The predictive plots for 2004, 2005, 2004-2005, and 2003-2005 are very similar but also have very similar models (Figure 4.15). There is also very little difference between the predictive plots for 2004-2005, and 2003-2005, despite the latter including three additional variables (longitude, depth and proportion of sand in the sediment). However, this model prediction suggested that some of the more westerly areas such as north of Coll & Tiree were predicted to have high densities of porpoises despite there being very few observed porpoises in this area. As in the previous section (§ 4.3.1), the model predicts low porpoise densities around Colonsay, to the west of the Ross of Mull (Iona), and around Eigg & Muck, where there were quite a high density of sightings.

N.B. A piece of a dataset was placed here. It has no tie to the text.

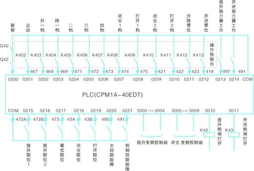經(jīng)過綜合分析與調(diào)查,決定對原料庫4臺抓斗天車實(shí)施plc和變頻調(diào)速技術(shù)改造。采用模擬信號聯(lián)動控制臺實(shí)現(xiàn)大、小車無級調(diào)速;提升采用5級調(diào)速;閉合采用2級調(diào)速的控制策略;大小車行走、提升、倉門、平臺口安全防護(hù)等保護(hù)裝置,均采用非接觸感應(yīng)式開關(guān)或光電式行程開關(guān);天車安全防護(hù)、邏輯聯(lián)鎖等措施均采用plc程序?qū)崿F(xiàn);天車運(yùn)行、狀態(tài)等相關(guān)信息進(jìn)行在線顯示、記錄和存貯等功能。

The remaining two models (2003 and 2003-2004) predicted that harbour porpoises were spread over a wider proportion of the survey area than the other models, with higher densities predicted over the whole survey area. However, all models predicted highest porpoise densities towards the coastal areas, i.e. in the Sound of Jura, Firth of Lorne, west of Mull (around the Treshnish Isles) and around the Small Isles.